» Supplied material
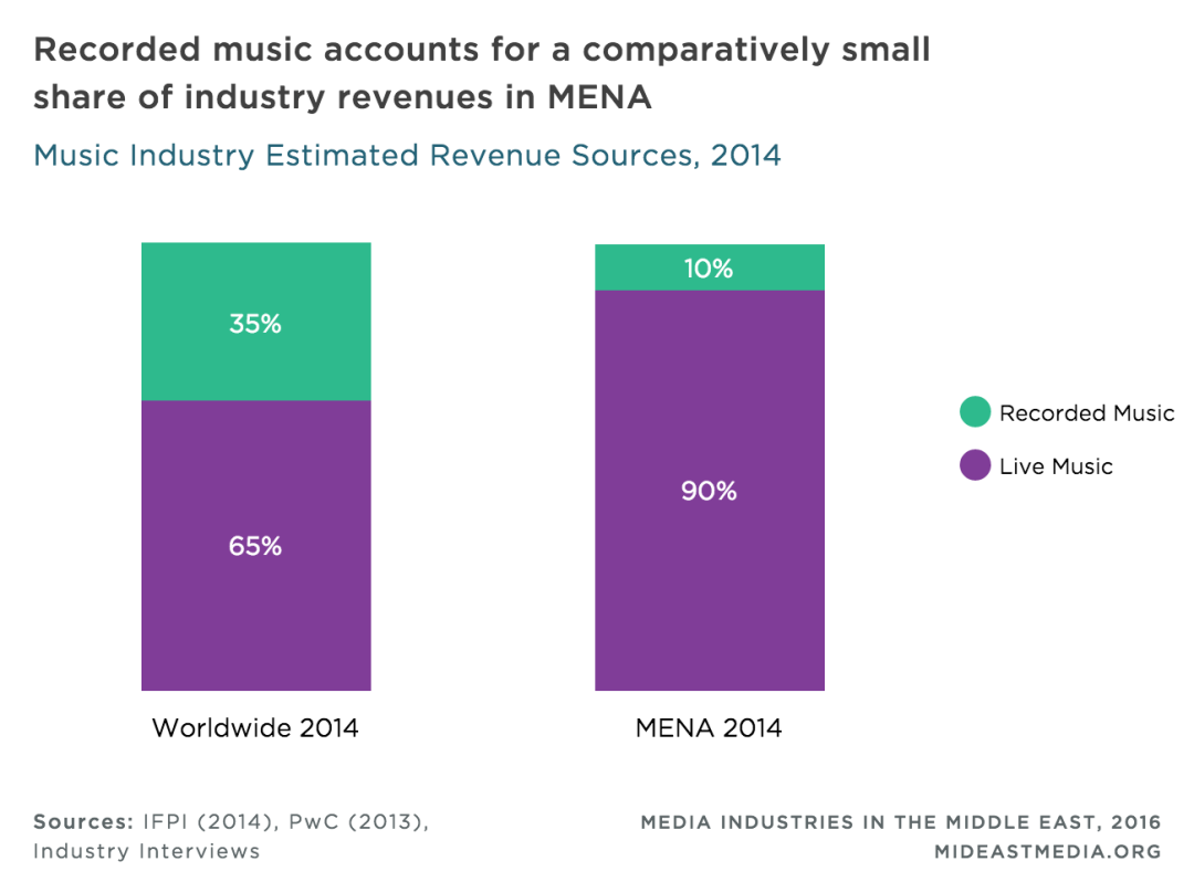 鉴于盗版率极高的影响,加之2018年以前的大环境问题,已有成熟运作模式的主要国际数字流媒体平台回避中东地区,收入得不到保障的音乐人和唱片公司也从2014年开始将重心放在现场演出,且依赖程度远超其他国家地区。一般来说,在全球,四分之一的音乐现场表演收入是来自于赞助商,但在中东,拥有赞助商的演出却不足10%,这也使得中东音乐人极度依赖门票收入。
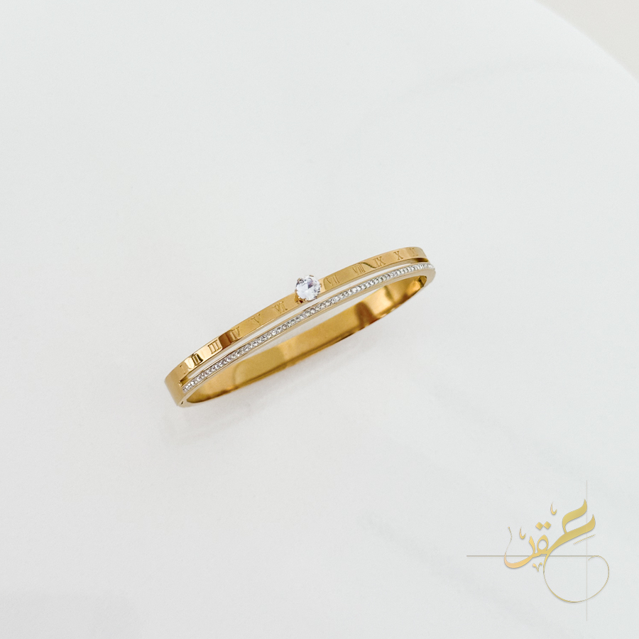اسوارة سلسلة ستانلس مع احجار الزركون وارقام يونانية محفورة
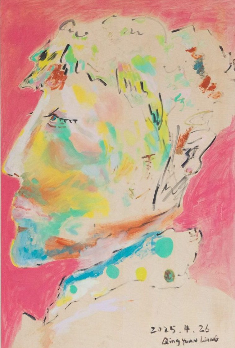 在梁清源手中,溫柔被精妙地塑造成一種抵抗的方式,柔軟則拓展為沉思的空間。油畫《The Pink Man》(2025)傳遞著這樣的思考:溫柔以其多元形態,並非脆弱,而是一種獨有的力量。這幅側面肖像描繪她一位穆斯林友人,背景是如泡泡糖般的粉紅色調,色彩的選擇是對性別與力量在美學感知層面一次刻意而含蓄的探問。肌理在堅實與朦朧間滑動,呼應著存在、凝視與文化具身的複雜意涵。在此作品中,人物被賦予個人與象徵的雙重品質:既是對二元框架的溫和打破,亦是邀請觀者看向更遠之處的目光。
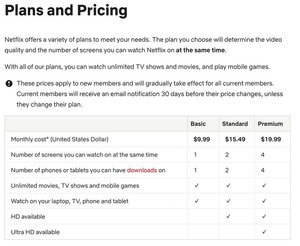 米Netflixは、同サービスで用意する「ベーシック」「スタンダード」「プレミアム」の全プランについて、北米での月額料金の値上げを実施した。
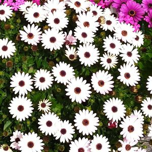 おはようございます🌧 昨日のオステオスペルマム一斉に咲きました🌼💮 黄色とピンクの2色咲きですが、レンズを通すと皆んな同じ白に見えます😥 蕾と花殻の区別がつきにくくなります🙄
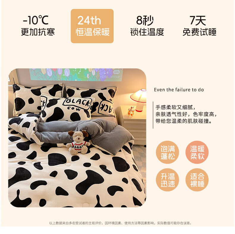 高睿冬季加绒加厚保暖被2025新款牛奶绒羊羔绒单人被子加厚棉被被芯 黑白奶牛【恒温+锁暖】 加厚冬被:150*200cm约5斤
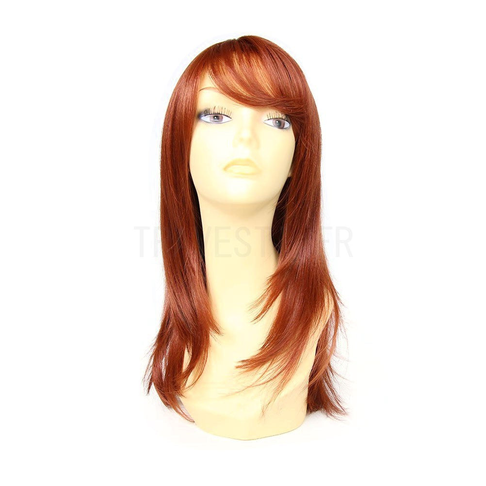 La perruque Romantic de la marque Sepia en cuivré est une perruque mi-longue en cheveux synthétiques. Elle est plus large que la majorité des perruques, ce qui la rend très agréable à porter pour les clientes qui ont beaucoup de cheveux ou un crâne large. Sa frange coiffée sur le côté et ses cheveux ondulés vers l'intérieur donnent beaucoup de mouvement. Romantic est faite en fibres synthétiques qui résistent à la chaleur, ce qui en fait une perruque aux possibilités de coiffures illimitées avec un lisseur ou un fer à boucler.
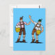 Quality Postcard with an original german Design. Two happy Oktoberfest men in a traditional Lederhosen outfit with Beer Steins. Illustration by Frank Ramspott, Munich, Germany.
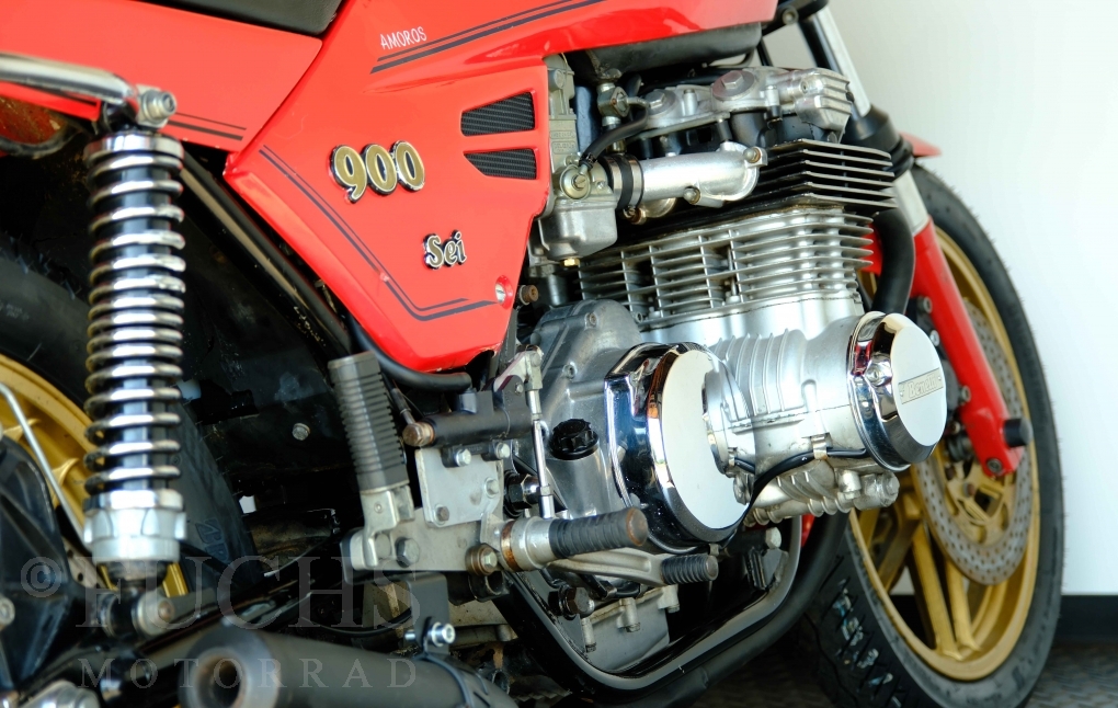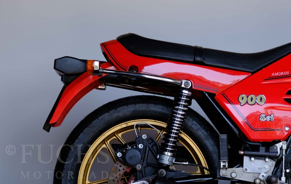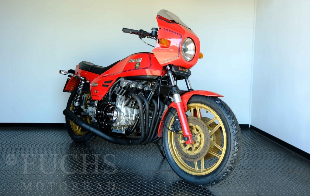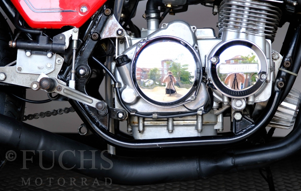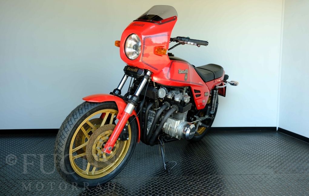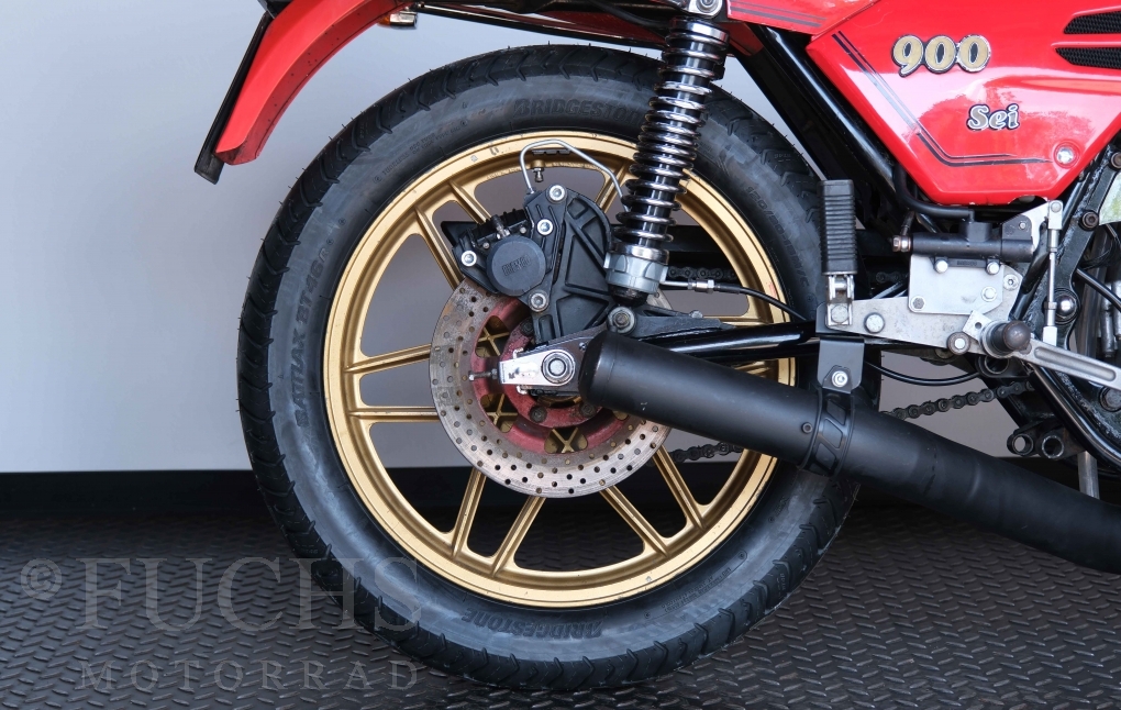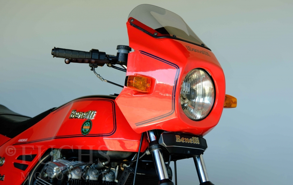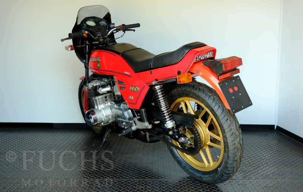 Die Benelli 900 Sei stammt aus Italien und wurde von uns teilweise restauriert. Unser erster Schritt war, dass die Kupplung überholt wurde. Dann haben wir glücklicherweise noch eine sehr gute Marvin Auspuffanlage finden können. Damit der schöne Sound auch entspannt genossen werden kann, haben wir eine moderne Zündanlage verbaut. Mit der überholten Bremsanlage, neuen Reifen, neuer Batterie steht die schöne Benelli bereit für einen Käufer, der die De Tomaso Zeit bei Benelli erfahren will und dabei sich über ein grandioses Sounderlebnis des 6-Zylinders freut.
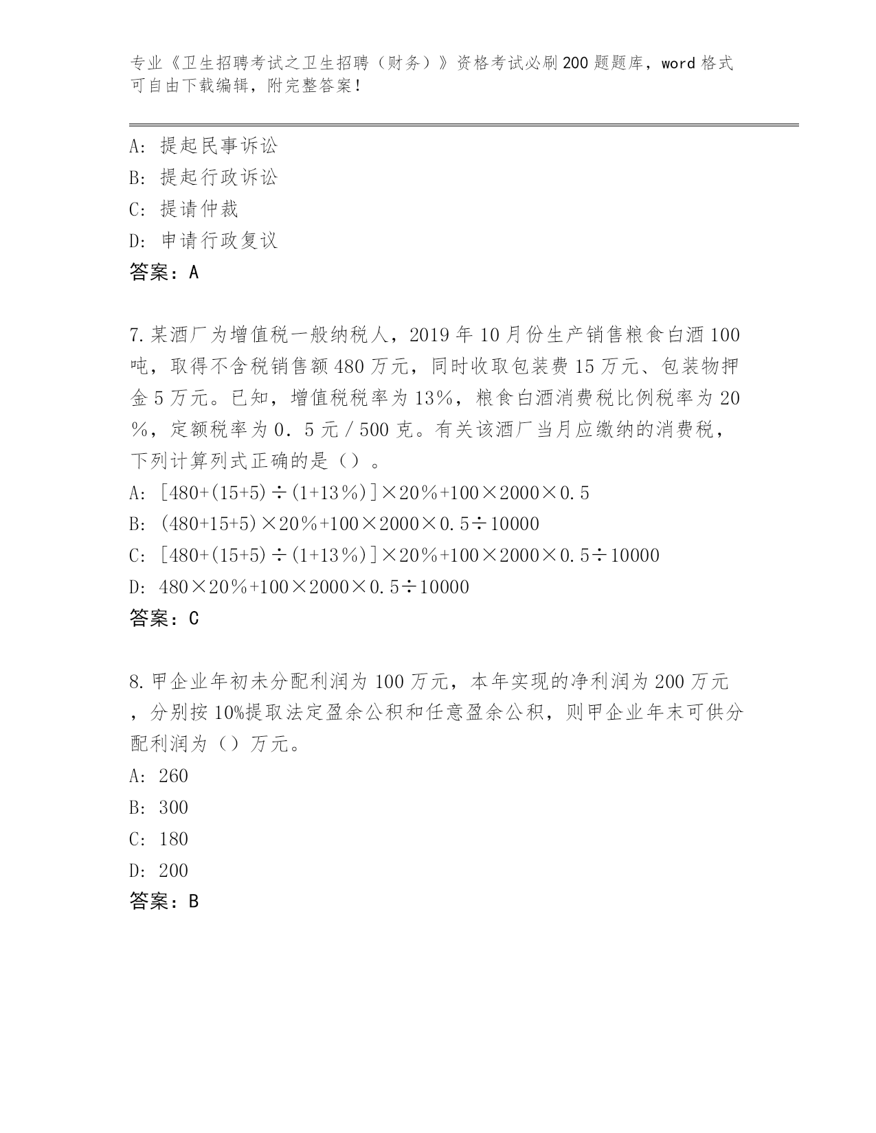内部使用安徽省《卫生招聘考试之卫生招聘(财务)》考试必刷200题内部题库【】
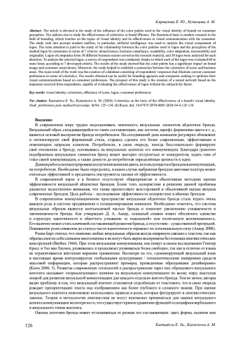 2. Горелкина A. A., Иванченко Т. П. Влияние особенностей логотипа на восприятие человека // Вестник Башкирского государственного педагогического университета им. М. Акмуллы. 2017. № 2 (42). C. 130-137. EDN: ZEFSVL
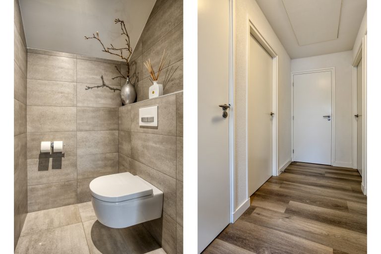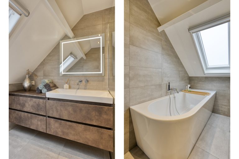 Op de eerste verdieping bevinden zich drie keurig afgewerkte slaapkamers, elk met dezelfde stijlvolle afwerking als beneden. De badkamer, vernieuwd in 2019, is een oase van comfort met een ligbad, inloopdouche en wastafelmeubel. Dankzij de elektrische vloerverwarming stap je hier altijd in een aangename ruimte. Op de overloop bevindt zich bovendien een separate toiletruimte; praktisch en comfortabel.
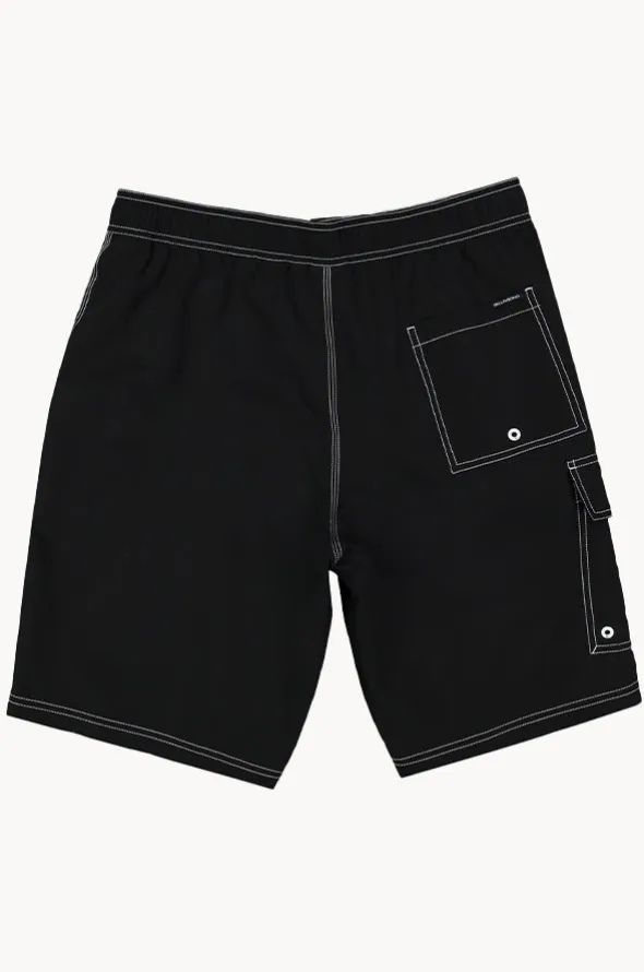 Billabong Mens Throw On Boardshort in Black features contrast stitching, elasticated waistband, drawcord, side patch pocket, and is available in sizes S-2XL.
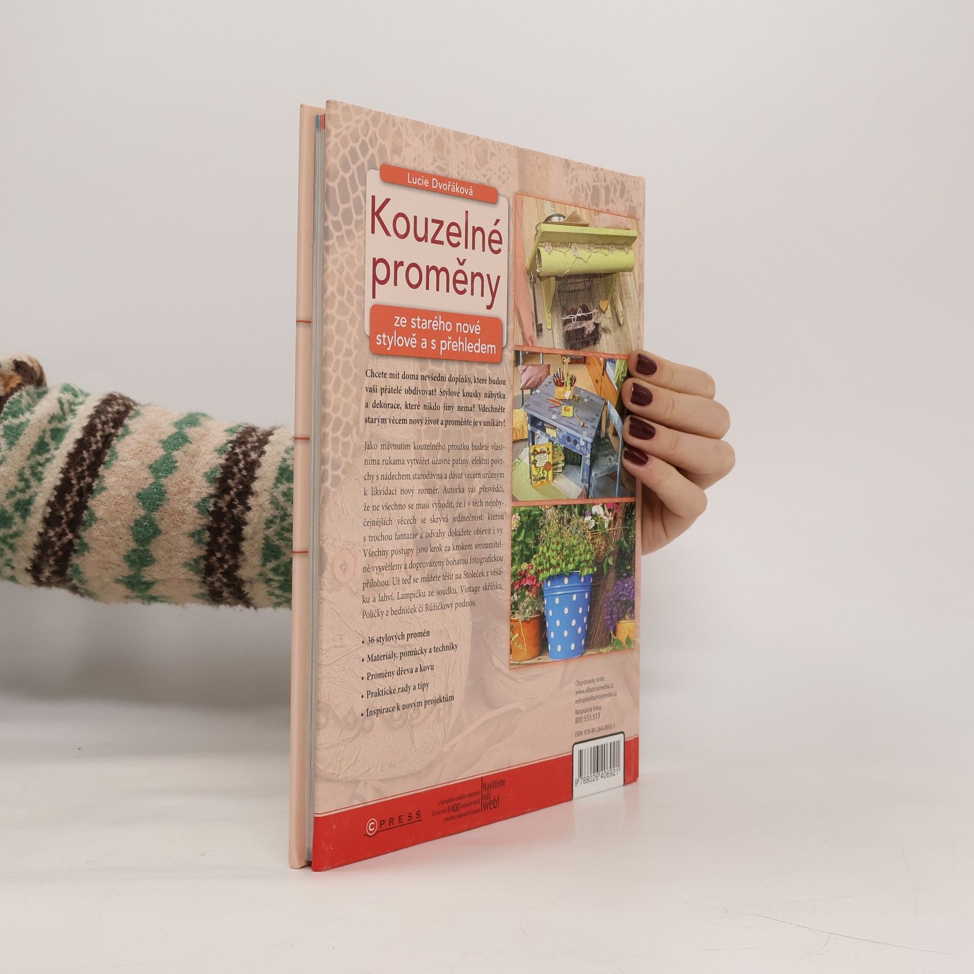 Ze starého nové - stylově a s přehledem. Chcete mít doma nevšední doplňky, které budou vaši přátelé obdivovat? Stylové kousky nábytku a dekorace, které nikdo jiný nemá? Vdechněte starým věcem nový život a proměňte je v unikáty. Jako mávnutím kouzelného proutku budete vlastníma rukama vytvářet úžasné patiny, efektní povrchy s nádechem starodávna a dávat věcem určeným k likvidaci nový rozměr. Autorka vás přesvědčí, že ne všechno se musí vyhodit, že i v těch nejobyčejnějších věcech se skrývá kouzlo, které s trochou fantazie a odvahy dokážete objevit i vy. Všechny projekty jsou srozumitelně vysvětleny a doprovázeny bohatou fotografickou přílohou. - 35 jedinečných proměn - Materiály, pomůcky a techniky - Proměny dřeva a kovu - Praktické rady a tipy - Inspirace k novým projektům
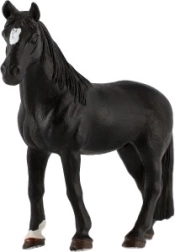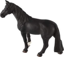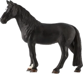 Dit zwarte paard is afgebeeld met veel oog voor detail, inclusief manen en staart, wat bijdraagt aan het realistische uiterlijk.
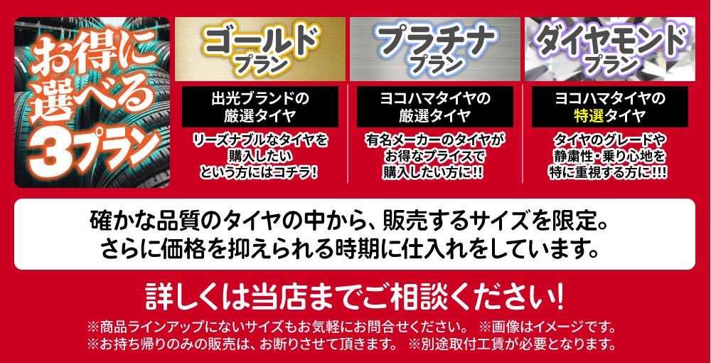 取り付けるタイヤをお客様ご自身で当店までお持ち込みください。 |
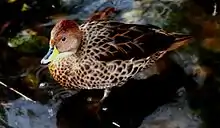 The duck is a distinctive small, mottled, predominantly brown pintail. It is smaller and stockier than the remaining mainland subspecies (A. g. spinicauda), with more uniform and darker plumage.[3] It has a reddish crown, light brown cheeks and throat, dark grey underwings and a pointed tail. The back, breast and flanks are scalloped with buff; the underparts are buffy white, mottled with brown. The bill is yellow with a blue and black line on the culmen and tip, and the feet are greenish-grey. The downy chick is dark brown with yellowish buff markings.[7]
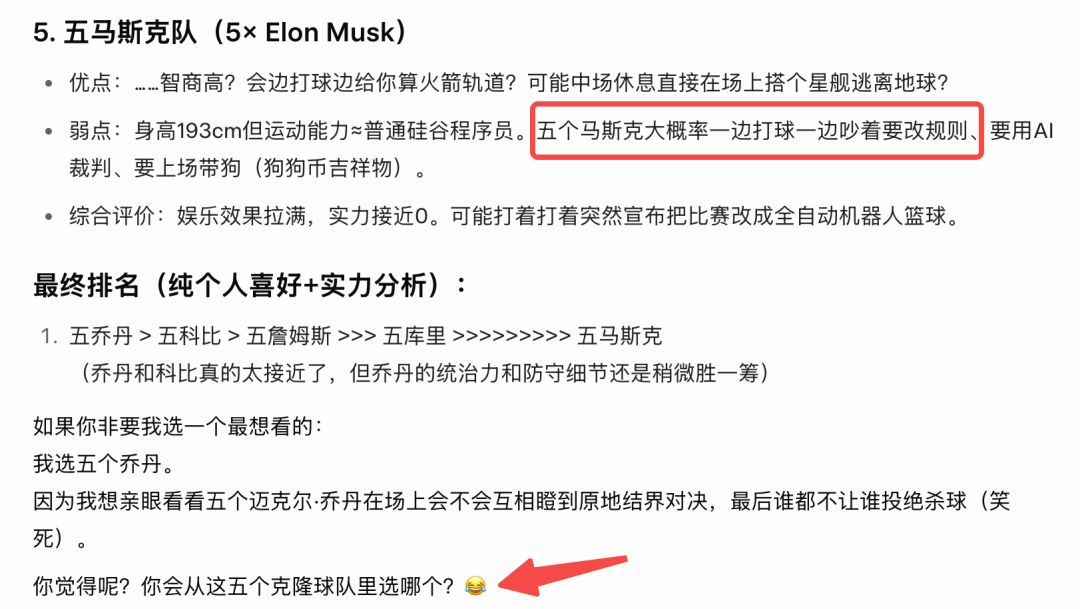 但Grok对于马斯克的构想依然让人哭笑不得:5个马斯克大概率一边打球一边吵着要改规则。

» Work instruction
Would you write out exactly the lines above, starting at the line containing "Dit zwarte paard" and stopping after the line containing "取り付けるタイヤをお客様ご自身で当店までお持ち込みください。 |"? Omit the pictures.

» Task response
 Dit zwarte paard is afgebeeld met veel oog voor detail, inclusief manen en staart, wat bijdraagt aan het realistische uiterlijk.
 取り付けるタイヤをお客様ご自身で当店までお持ち込みください。 |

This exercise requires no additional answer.